Volere

Voleva. Ci provava. Non bastava. Qualcuno avrebbe detto che in realtà poteva, forse la maggior parte. Era il solito mantra del volere è potere; del considerare la riuscita come solo frutto delle proprie azioni. Pura retorica. Come si poteva essere così orbi da trascurare le molteplici variabili esterne, così ciechi di fronte alla complessità. La sua formazione scientifica lo vincolava ad un pensiero razionale, lui e le sue volontà erano un ordine di grandezza inferiore alle variabili esterne. Si sentiva inetto, insufficiente tale da divenire inerme. Certo non era forte, non spiccava per caparbia e non era neanche portato ad incassare e resistere. La sua tendenza era a mollare, lasciar perdere, farsi abbattere. Era pavido. Lo schema che si profilava nella sua mente seguiva pochi semplici passi, sempre gli stessi. L’epifania di avere le capacità per uscire dalla propria situazione restando affascinato da un cambiamento, una nuova condizione. L’elaborazione laboriosa, del tutto personale, astratta ed esclusivamente nella propria immaginazione di un come e della visione paradisiaca del nuovo avvenire. Fino allo scontro con la cruda realtà, dover uscire dalla propria testa, fucina di illusioni e luogo di evasione. Sopraggiungeva l’inadeguatezza, il dubbio, era sempre stato un asso della teoria ed al contempo un disastroso uomo di azione. Il dubbio cominciava a figliare, al ritmo di un coniglio; germogliava come spore, dando luogo, come nei parassiti, a mille funghi, virus che lo assorbivano e lo depotenziavano. Come un cervello in avaria veniva deviata la propria capacità critica. A tal punto gli si presentavano due strade, la prima così sicura, confortevole ed agognata, la fuga, il semplice voltarsi, rifiutare l’azione e rassicurarsi nel pensiero che in fin dei conti non è che fosse così vero che desiderasse ciò che fino a poco prima bramava con ardore. La seconda era quella più dura ma anche più conciliatoria, indulgente… la finzione.
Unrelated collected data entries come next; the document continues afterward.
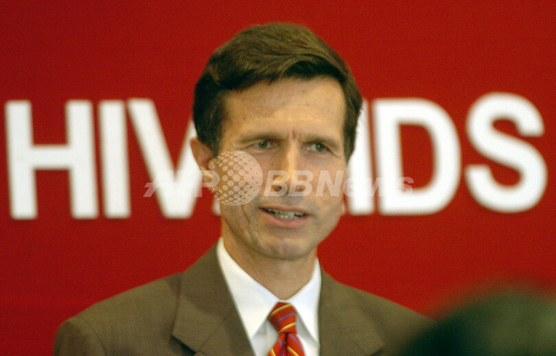 写真はインドのムンバイ(Mumbai)で、企業経営者向けのエイズ対策セミナーに参加するブレーク大使(2005年7月8日撮影当時はインド大使館勤務)。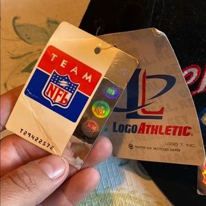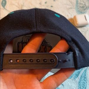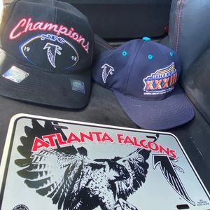 Falcons hat pack comes with both hats and license plate cover . The black hat is in great condition but the blue one has a small burn on the strap. It’s in the pictures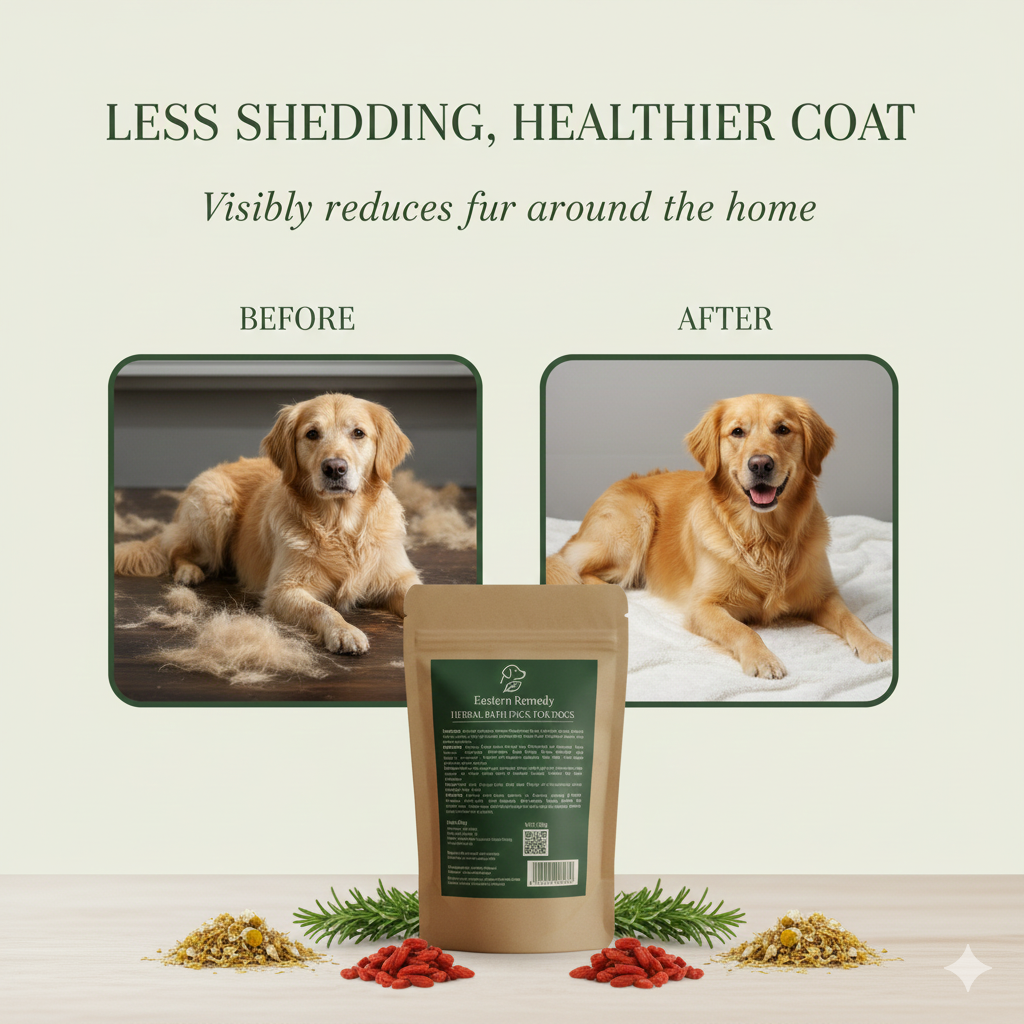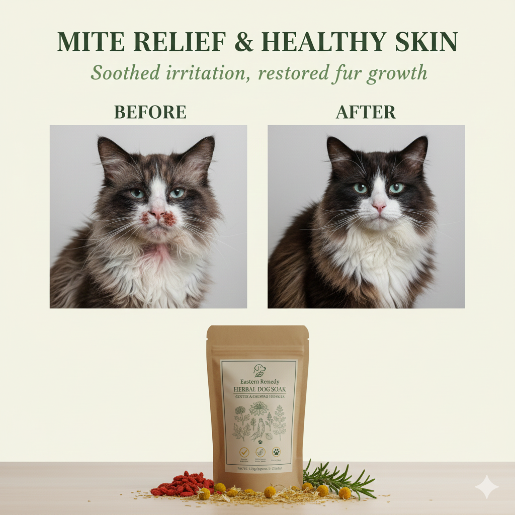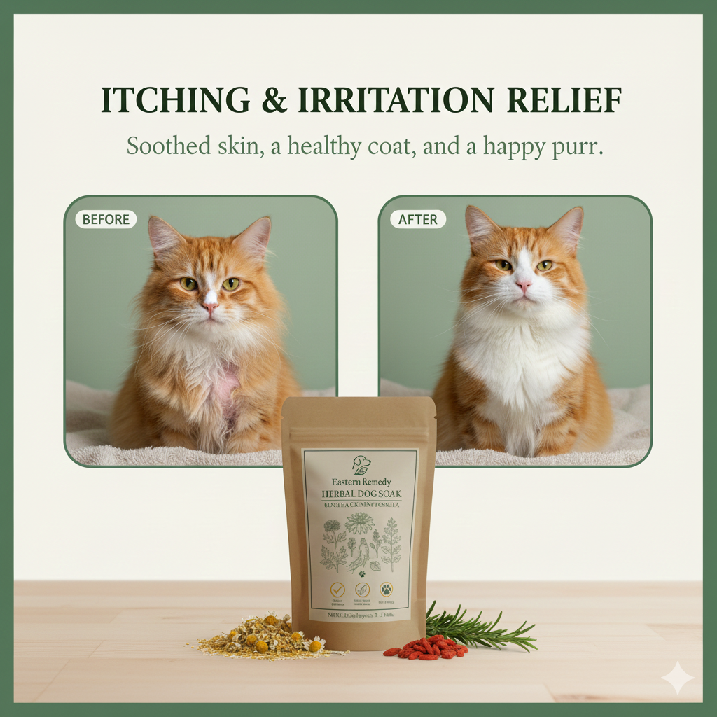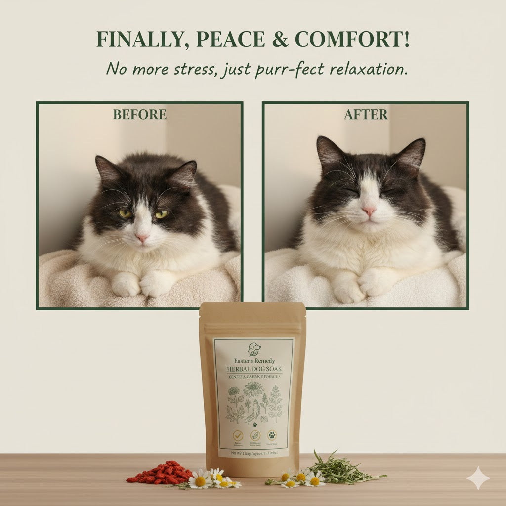 A gentle herbal formula inspired by traditional Eastern remedies, made safe for modern pets 100% Natural Herbs Chemical-Free & Fragrance-Free.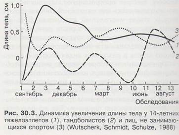 Рівень координаційних здібностей, наприклад, можливо визначити за якістю виконання складних вправ в процесі їх розучування. Оцінка ставиться залежно від амплітуди рухів, дотримання структурного і ритмічного малюнка вправи, уміння швидко міняти темп рухів відповідно до команди. Розміри тіла, об'єм і можливості м'язів хлопчиків і дівчаток до вступу їх в період статевого дозрівання практично не розрізняються. Тому в дитячому віці відмінності між хлопчиками і дівчатками в рівні швидкісно-силових якостей, витривалості і інших рухових якостей мінімальні. Це зумовлює і ідентичну змагальну результативність, а в окремих випадках і перевагу дівчаток над хлопчиками. Тому відносно невисокі досягнення хлопчиків в різних тестах і, особливо, в змагальній діяльності не повинні сприйматися як негативні в плані оцінки їх перспективності. Величезне значення при відборі дітей має оцінка стану їх здоров'я. Відсутність порушень в нормальній діяльності організму - одна з найважливіших умов досягнення успіху в сучасному спорті. Навіть незначні відхилення в стані здоров'я можуть істотно понизити пристосувальні можливості організму. Важливим моментом огляду дітей під час відбору для занять спортом являється порівняння їх паспортного і біологічного віку. Добре відомо, що від темпів статевого дозрівання залежать відмінності в рівні розвитку дітей однакового паспортного віку. Досвід же роботи дитячо-юнацьких спортивних шкіл свідчить, що часто має місце відбір дітей з прискореним біологічним розвитком, які надалі дуже швидко втрачають свої переваги і досить рано залишають заняття спортом. Значно більших успіхів на наступних етапах спортивного вдосконалення, як правило, домагаються діти з нормальним ходом дозрівання або які мають ознаки сповільненого біологічного розвитку. У таких дітей у віці 16-17 років відзначається різке підвищення функціональних можливостей різних органів і систем організму, тоді як у акселератів спостерігається стабілізація або навіть зниження морфофункціональних можливостей (мал. 30.5). Дослідження Т. С. Тимаковой (1985) показують, що серед 12-13-річних хлопчиків-плавців - переможців великих юнацьких змагань, що виконали норматив майстра спорту, 100 % характеризуються раннім типом статевого дозрівання. Серед 17-річних плавців, що добилися високих результатів, лише 4,5 % мали бал біологічної зрілості, відповідний дорослішим плавцям, а уповільнений розвиток був у 42% спортсменів. Ці дані, природно повинні враховуватися як при відборі, так і при орієнтації юних спортсменів. Серед дітей і підлітків, що рано виконують нормативи I спортивного розряду - майстра спорту, більше половини мають ознаки прискореного статевого розвитку. У числі спортсменів, що виконали нормативи майстрів спорту міжнародного класу, акселератів вже менше 20%. У світовій практиці вищі досягнення досить часто показують спортсмени з пізнім розвитком і украй рідко - з раннім. Зазвичай статеве дозрівання вважається раннім, якщо перші його ознаки з'являються у дівчаток у віці 8-9 років, а у хлопчиків - в 10 років. До середнього варіанту темпу статевого дозрівання у дівчаток відноситься початок появи перших його ознак в 10-11 років при загальній тривалості цього процесу в середньому 5-6 років, у хлопчиків - початок процесу у віці 12-13 років і завершення його до 18 років. Про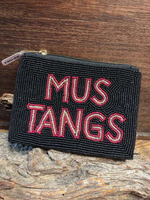 Coin Purse Wallet- Beaded "Mustangs" Black w/ Maroon & Gold Words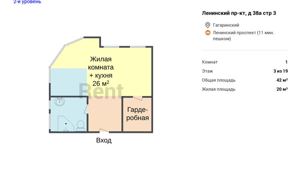 1-комнатная квартира: Москва, Ленинский проспект, 38Ак3 (42 м²)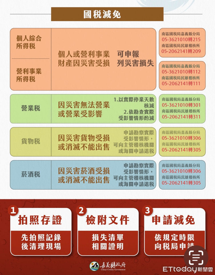 此外,有關所得稅、營業稅、貨物稅及菸酒稅係屬國稅,請先拍照記錄,並於災害發生後30日內,檢具損失清單及證明文件報請國稅局派員勘查。如有疑義,請向財政部南區國稅局嘉義縣分局(電話:05-3621010)或民雄稽徵所(電話:05-2062141)洽詢。

L’artificiosa messa in opera di una pseudo azione fallimentare atta al solo scopo di giustificare la sconfitta nel prossimo avvenire. Non si poteva dire che non avesse tentato.

Tali strade si congiungevano a valle, in quel luogo in cui risiedo uno sconfitto, una specie di pianura grigia nelle tonalità dei colori, dal cielo cupo e monotono, ai prati incolti e trasandati. Lì al ridosso di uno acquitrino, lui, solo, come sempre ed ancora, con il consueto sguardo basso di chi spera poco ed il cui peso dei pensieri tende a chinargli il capo sempre più in giù. Fermo, immobile, inerte come un gas, pallido e moggio. L’unico accenno di espressione fioriva sulle labbra, non un sorriso, ma un leggero ghigno, come di chi l’avesse scampata per un pelo, di nuovo. Un ghigno di serenità e compiacenza, di chi tutto sommato trova piacere nell’ostacolarsi. Eccolo lì, a vederlo da lontano, lo sconfitto. Era un perdente. Forse ne andava fiero.